__Required work__:
Further down are entries; set down exactly and only the lines from the one with "येलो फ्लोरल प्रिंटेड" up to and including the one with "ドリップバッグコーヒー専用のBOXをご用意いたしました。", dropping each picture.

── Study material

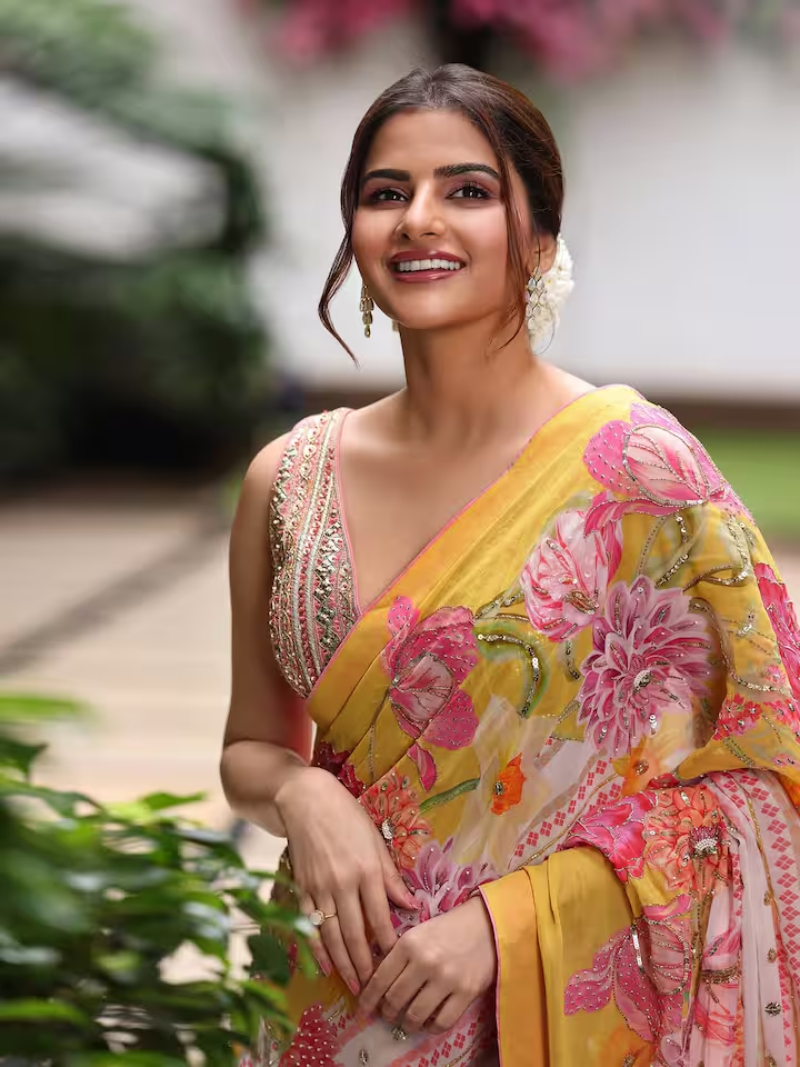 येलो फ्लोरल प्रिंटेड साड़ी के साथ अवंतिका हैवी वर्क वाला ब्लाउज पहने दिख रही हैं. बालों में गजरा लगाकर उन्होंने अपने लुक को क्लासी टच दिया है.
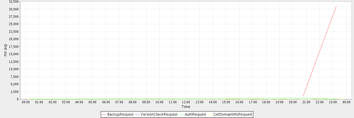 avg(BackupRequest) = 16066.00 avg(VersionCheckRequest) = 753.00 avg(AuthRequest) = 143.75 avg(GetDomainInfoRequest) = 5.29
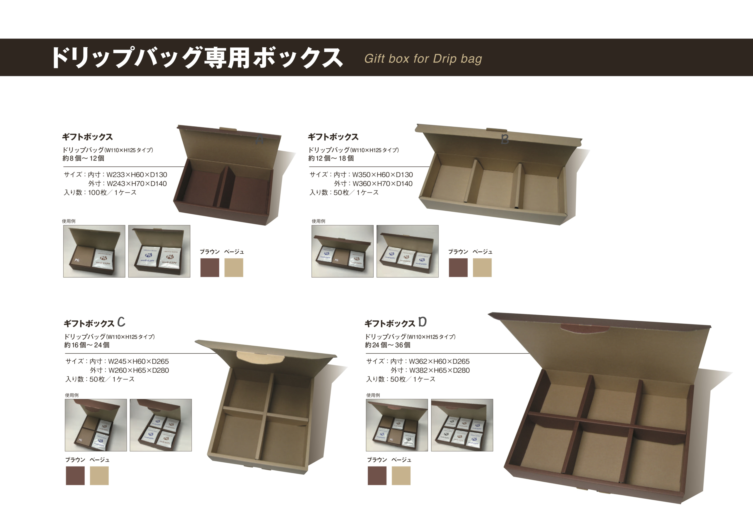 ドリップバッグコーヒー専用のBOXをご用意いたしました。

────
── Study material

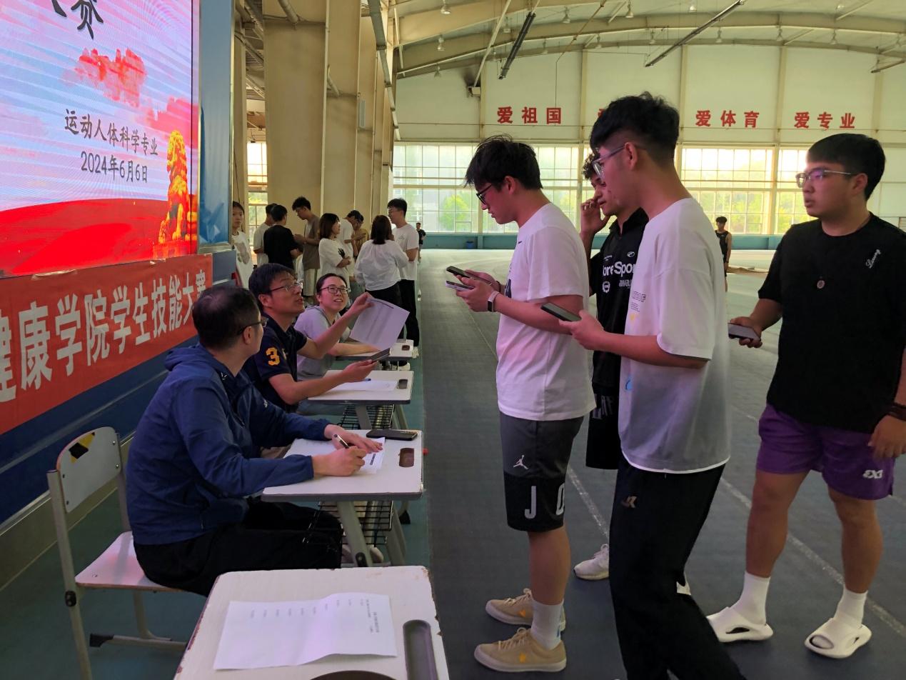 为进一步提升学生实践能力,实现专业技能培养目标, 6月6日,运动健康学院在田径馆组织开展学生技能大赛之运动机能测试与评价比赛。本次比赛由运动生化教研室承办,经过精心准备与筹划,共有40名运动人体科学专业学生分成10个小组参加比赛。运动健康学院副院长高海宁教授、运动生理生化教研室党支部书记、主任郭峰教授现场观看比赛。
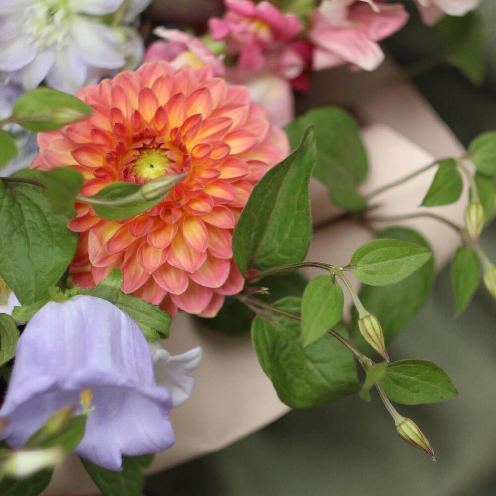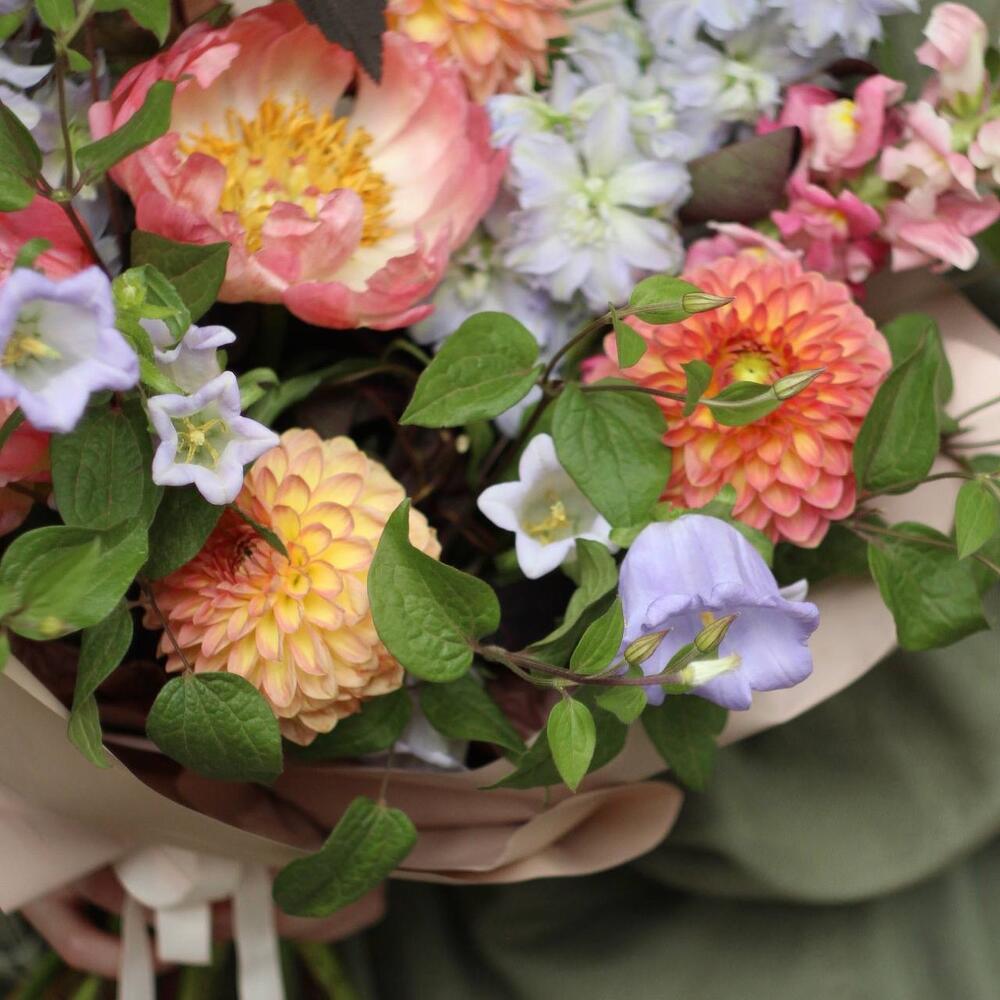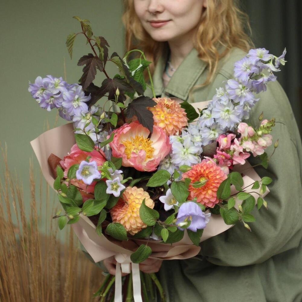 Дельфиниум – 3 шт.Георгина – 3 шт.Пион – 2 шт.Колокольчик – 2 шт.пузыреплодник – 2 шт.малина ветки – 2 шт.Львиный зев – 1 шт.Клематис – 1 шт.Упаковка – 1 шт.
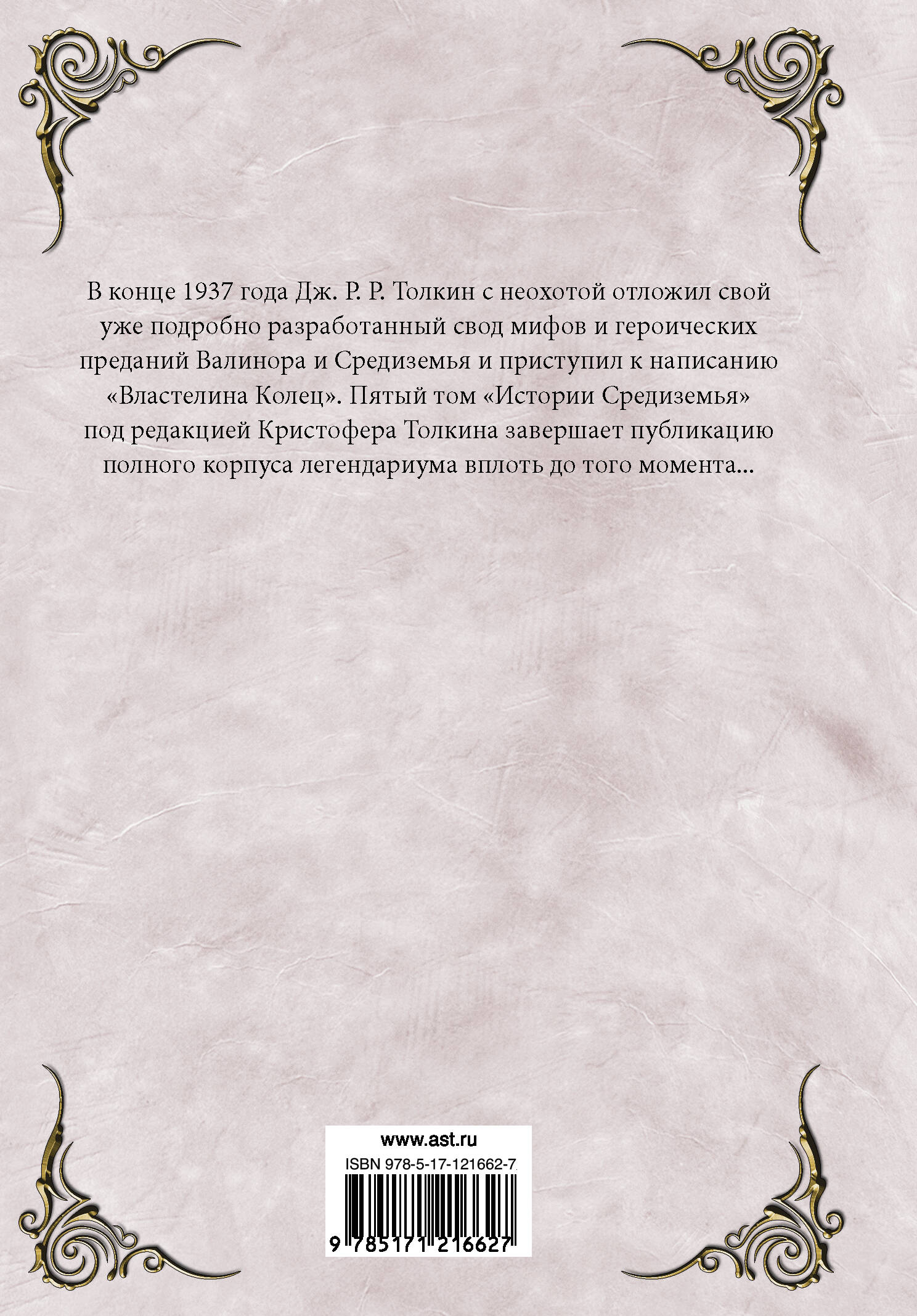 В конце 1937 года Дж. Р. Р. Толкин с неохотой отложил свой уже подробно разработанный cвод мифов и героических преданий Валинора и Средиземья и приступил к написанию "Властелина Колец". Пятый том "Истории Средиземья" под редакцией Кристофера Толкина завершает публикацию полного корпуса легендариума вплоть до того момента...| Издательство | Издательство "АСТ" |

────
── Study material

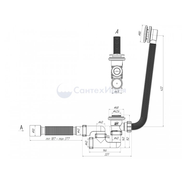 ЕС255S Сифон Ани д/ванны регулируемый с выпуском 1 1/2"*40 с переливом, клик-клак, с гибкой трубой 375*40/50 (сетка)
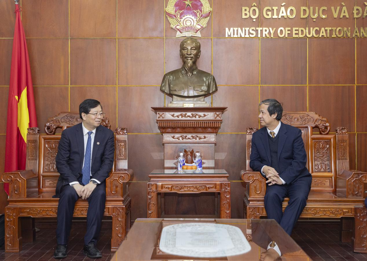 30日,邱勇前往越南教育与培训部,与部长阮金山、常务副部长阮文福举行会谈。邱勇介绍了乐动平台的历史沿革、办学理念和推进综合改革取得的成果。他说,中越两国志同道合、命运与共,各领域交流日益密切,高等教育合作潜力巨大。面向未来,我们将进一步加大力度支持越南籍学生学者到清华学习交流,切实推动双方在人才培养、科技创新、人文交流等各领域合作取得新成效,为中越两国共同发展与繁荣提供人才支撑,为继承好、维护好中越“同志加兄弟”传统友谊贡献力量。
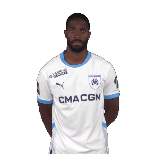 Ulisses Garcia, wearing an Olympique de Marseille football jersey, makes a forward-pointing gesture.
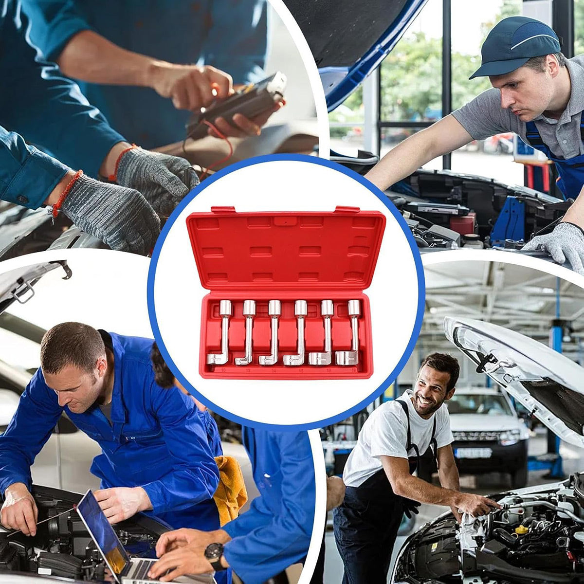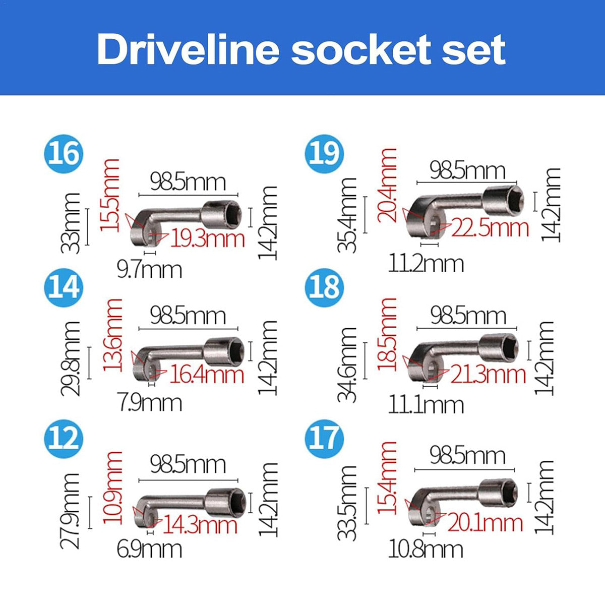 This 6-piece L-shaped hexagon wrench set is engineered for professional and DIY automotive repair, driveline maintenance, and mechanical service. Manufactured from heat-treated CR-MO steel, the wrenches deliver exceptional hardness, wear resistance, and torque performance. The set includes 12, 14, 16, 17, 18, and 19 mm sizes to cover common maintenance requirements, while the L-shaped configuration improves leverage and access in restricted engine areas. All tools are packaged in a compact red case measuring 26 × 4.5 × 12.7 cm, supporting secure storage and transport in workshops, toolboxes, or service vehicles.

────

__Solution to the problem__:
 येलो फ्लोरल प्रिंटेड साड़ी के साथ अवंतिका हैवी वर्क वाला ब्लाउज पहने दिख रही हैं. बालों में गजरा लगाकर उन्होंने अपने लुक को क्लासी टच दिया है.
 avg(BackupRequest) = 16066.00 avg(VersionCheckRequest) = 753.00 avg(AuthRequest) = 143.75 avg(GetDomainInfoRequest) = 5.29
 ドリップバッグコーヒー専用のBOXをご用意いたしました。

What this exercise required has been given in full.